Per un proof of concept su un processo circoscritto, spesso bastano 4-8 settimane. Per un sistema in produzione con integrazioni complesse, 3-6 mesi è una stima realistica.
Il fattore che rallenta di più, quasi sempre, è la qualità dei dati di partenza. Un’azienda con dati già organizzati procede molto più velocemente di una che deve prima fare ordine nei propri archivi. È uno dei motivi per cui vale la pena fare un’analisi preliminare seria.
Dipende dall’architettura del sistema.
Usando API di servizi cloud come OpenAI, Google o Anthropic, i dati transitano su server esterni. Va valutata con attenzione la presenza di informazioni sensibili o soggette al GDPR. L’alternativa è fare girare modelli open source su infrastruttura propria o cloud privato, in modo che i dati non escano dal perimetro aziendale. Per settori regolamentati o con dati particolarmente delicati, questa seconda strada è spesso l’unica percorribile.
Un chatbot risponde. Un agente agisce.
Un chatbot segue un flusso predefinito o usa un modello linguistico per rispondere a domande. Un agente percepisce il contesto, pianifica passi in autonomia, usa strumenti esterni come database o API, e porta avanti un obiettivo su più fasi adattandosi ai risultati che ottiene. Un esempio pratico: riceve un’email con una richiesta di offerta, recupera i dati dal gestionale, genera una bozza di preventivo e la manda in approvazione al commerciale. Senza intervento umano. Richiede una progettazione accurata e dati ben strutturati a monte, ma i risultati, quando funziona, sono molto concreti.

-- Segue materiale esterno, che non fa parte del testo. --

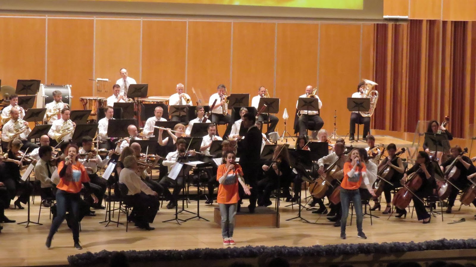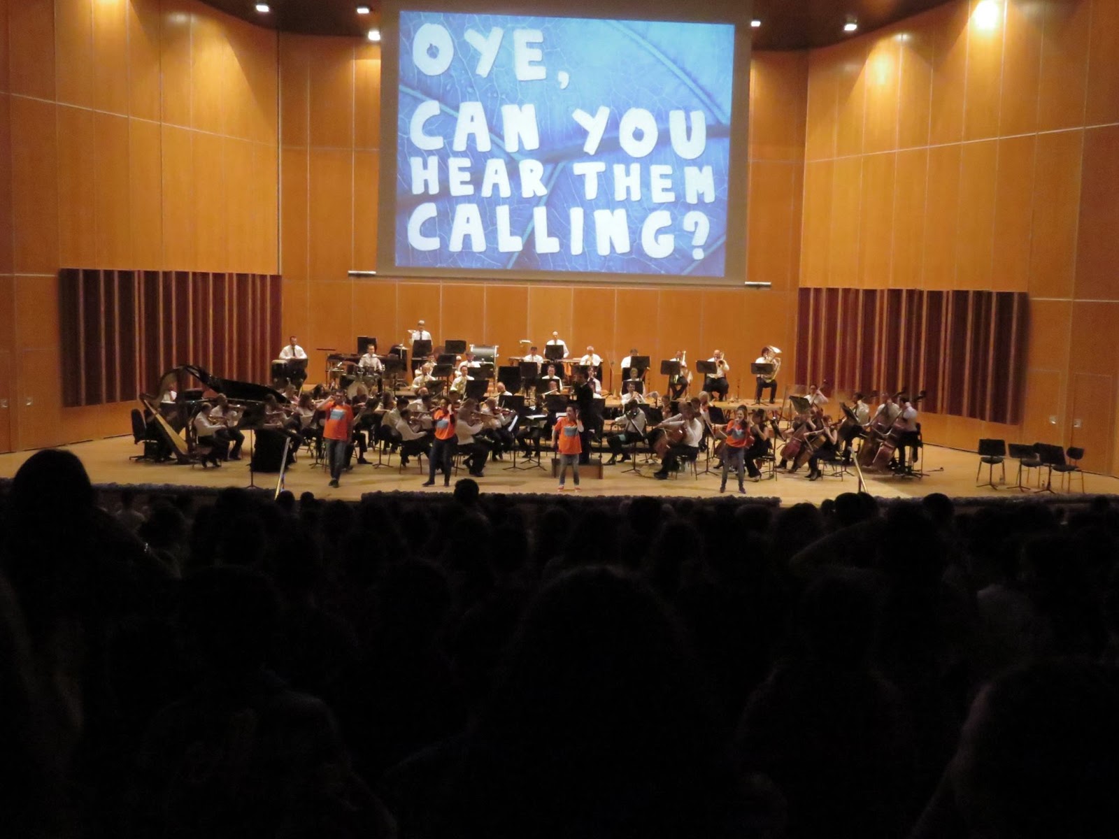 En «La Orquesta Canta» hemos trabajado la Oda a la alegría de Beethoven, el «finale» de El Pájaro de fuego (Stravinsky), el «Largo» de la Sinfonía del «Nuevo Mundo» de Dvorak, uno de los momentos más emocionantes de este segundo programa, con las flautas «robando» protagonismo al corno inglés, además de contenidos musicales creados específicamente como Oye de Jim Papoulis o el Ven a tocar de Thomas Cabaniss, el «himno» de Link Up! que es la única pieza repetida en todos los programas. Añadir Simple Gifts de Brackett o la tradicional Bought Me a Cat y añadimos el inglés a los contenidos (como el francés, el portugués e incluso el latín de años pasados), con dificultades variadas y adaptas al nivel del alumnado.

Sì. Ci sono due strade principali.
La prima è il RAG (Retrieval-Augmented Generation): il modello rimane generico, ma a ogni domanda recupera documenti dalla knowledge base aziendale e li usa come contesto per rispondere. È la strada più rapida e semplice da aggiornare nel tempo. La seconda è il fine-tuning: si riaddestra parzialmente un modello su dati propri, utile quando serve un vocabolario molto tecnico o competenze di dominio specifiche. Nella maggior parte dei casi il RAG è il punto di partenza corretto. Il fine-tuning si valuta quando il RAG da solo non basta.

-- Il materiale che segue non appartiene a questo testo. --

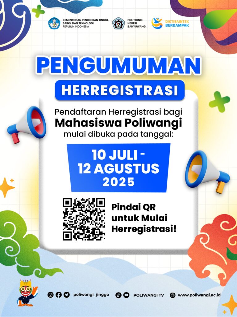 Politeknik Negeri Banyuwangi mengumumkan pelaksanaan Her Registrasi bagi seluruh mahasiswa aktif untuk Semester Ganjil Tahun Akademik 2025/2026. Kegiatan ini dilaksanakan secara daring melalui laman resmi Sistem Informasi Terpadu (SIT) Poliwangi: https://sit.poliwangi.ac.id

Le cosiddette allucinazioni, risposte plausibili ma inventate, sono un problema reale. Si gestisce con l’architettura del sistema.

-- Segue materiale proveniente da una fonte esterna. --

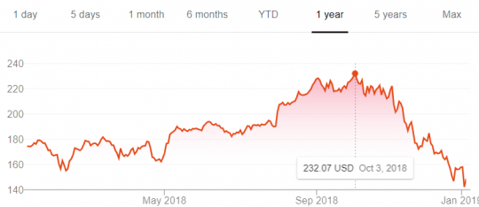 애플 주가는 작년 10월 이후 곤두박질치는 중이다. /구글 캡처

Le strategie più efficaci: limitare il perimetro delle domande che il sistema riceve, usare tecniche RAG per ancorare le risposte a fonti verificabili, aggiungere validazione automatica sull’output, mantenere supervisione umana sui risultati che impattano decisioni importanti. Un sistema ben progettato sa anche dire “non ho abbastanza informazioni” invece di inventare qualcosa di plausibile.
In molti progetti l’AI ridisegna i ruoli più che eliminarli.
Le attività ripetitive vengono automatizzate, e le persone si spostano su lavoro che richiede giudizio e relazione. Il momento più critico di solito è la gestione del cambiamento interno: comunicare bene, formare il team, coinvolgerlo nel processo. Senza questo, anche il progetto tecnicamente migliore fatica ad attecchire.